(2012) Written and Directed by Don Coscarelli; Based on the novel by David Wong; Starring: Chase Williamson, Rob Mayes, Paul Giamatti, Clancy Brown and Glynn Turman;
Available on Blu-ray, DVD and Netflix Streaming
“Do the bees know that they make the honey for you, or do they work tirelessly because they think it is their own choice?” – Roger North (Doug Jones)
If a movie had ever been custom-tailored for the cult movie crowd, John Dies at the End would be it. Too esoteric and unconventional for the multiplex set, it was never destined for mass acceptance. Judging by the ubiquitous banner ads that appeared on various movie websites over the past several months, John Dies at the End was aimed squarely at audiences that would flock to the film, based solely on its geek credentials. Starting with a pay-per-view release that prefaced its theatrical release, the film didn’t exactly set the world on fire, with its tepid reviews and poor box office showing. But Don Coscarelli has a built-in audience, myself included, who find his movies a welcome respite from the usual big-budget, story-by-committee dreck that the Hollywood blockbuster factory normally turns out.
Combining elements of Fear and Loathing in Las Vegas with The Stuff, John Dies at the End concerns a mysterious, addictive substance, known as Soy Sauce, which heightens senses and opens doors to parallel worlds. Its effects on users is permanent, leaving them with the ability to perceive what has remained shrouded from the rest of the world. Writer/director Coscarelli explored similar themes in his Phantasm series, which frequently blurred the line between reality and fantasy.
Coscarelli’s script, based on David Wong’s (aka: Cracked contributor Jason Pargin) hallucinatory novel of the same name, seems underdeveloped, with weak lead characterizations and a lack of focus. The protagonists, millennial slackers Dave (Chase Williamson) and John (Rob Mayes) make Bill and Ted seem nuanced by comparison. Williamson and Mayes do the best they can with their underwritten characters. Neither character possesses a distinct personality; both appear more or less interchangeable. They simply drift from one predicament to another, manipulated by the whims of the otherworldly Soy Sauce. The clever dialogue, peppered throughout the film, is clearly the script’s greatest asset.
Another high point is the excellent character actor work. Glynn Turman stands out in a small but memorable role as the no-nonsense Detective Lawrence Appleton, who’s determined to eradicate the Soy Sauce and its detrimental effects. Paul Giamatti (who shared executive producer credits with Coscarelli’s father Dac and Daniel Carey) is also noteworthy, as skeptical feature reporter Arnie. And be sure to watch for a nice little cameo by Coscarelli regular Angus Scrimm as Father Shellnut.

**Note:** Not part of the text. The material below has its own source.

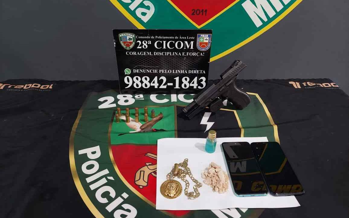 No bairro Novo Aleixo, zona norte, a equipe MT Rocam 04 apreendeu três armas de fogo, 13 munições, 199 trouxinhas e cinco porções de entorpecentes de variados tamanhos. A ação ocorreu por volta das 21h, em patrulhamento ostensivo pela rua 02, quando os militares avistaram um homem em atitude suspeita. O indivíduo ainda tentou fugir, mas foi alcançado pelos policiais.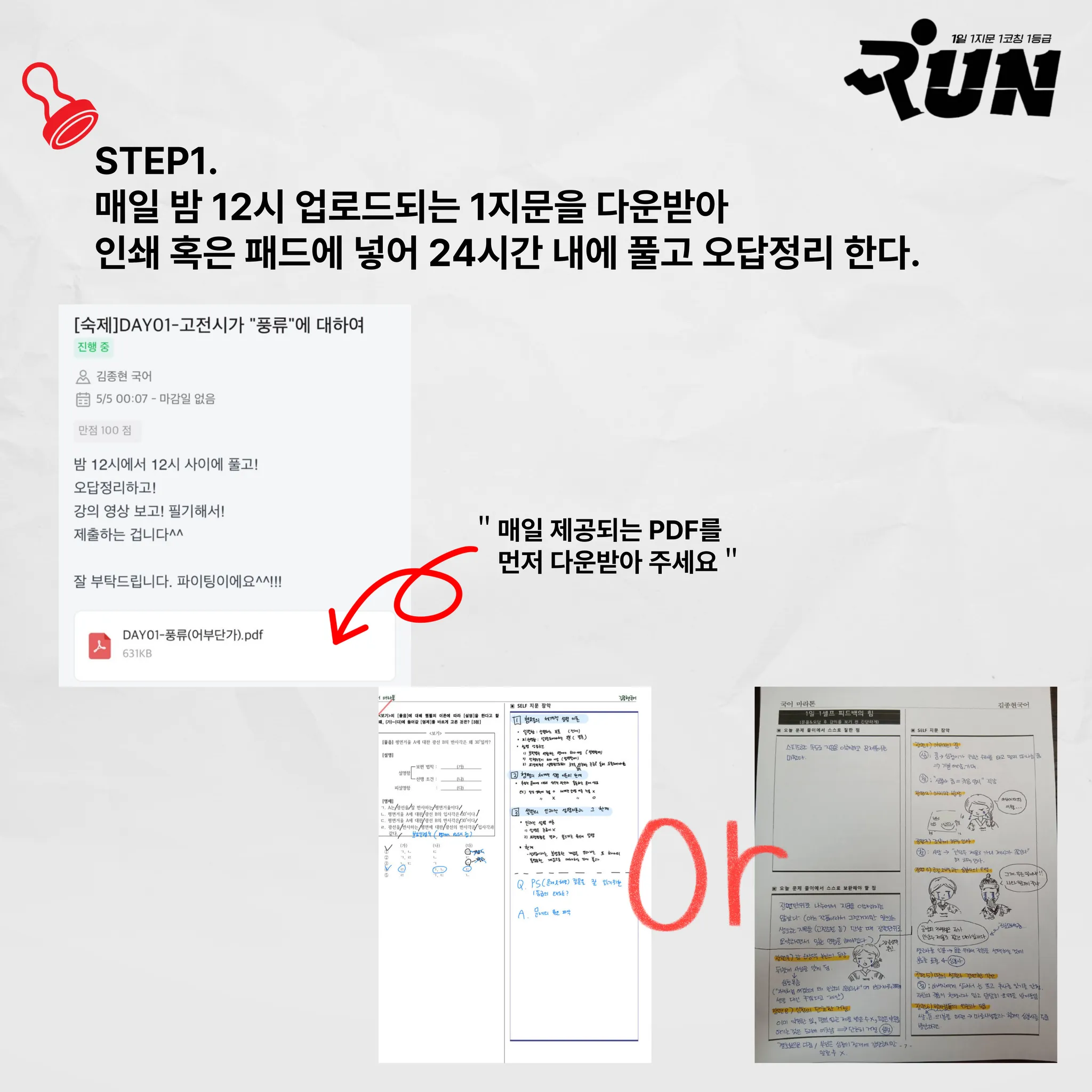 하루 1개의 국어 지문을 풀고, 종현쌤에게 직접 코칭을 받는 구조입니다.

After watching John Dies at the End, I was left with the impression that Coscarelli either didn’t go far enough or should have shown a little more restraint. I tend to favor the second assertion. The film suffers in comparison to Coscarelli’s previous feature, Bubba Ho-Tep, which successfully walked the line between outlandish and poignant. Even with its wild conspiracy theories and absurd premise, Bubba Ho-Tep managed to keep everything together, thanks to a clarity of vision and adhering to its own set of rules. The rules, if they exist in John Dies at the End, do not seem to apply. Random stuff happens frequently, and nothing seems connected. Because of the film’s dissociative, sporadic nature, it’s more about the parts than the whole. There are some undeniably fun bits trapped within this jumbled mess. It’s hard not to laugh when David eschews his cellphone, in favor of a bratwurst, to speak to his recently deceased friend John. While the climax is a little ho-hum, I have to give the film points for the final scene, and the ironic payoff.
Misgivings aside, it’s virtually impossible for me to dislike John Dies at the End. Coscarelli shot for the stars, even if he barely made it out of the clouds. He made a sincere effort to show us something that hadn’t been seen, throwing as much weird shit at the screen as possible and seeing what stuck. Yes, the film is wildly inconsistent, but that describes Coscarelli’s filmography. His overall body of work, while rough around the edges, frequently delivers more than we get from lesser directors with bigger budgets. Even if the final results are a trifle underwhelming, it’s a crazy enough ride, well worth your time. Unlike its main characters, however, don’t expect John Dies at the End to change your life.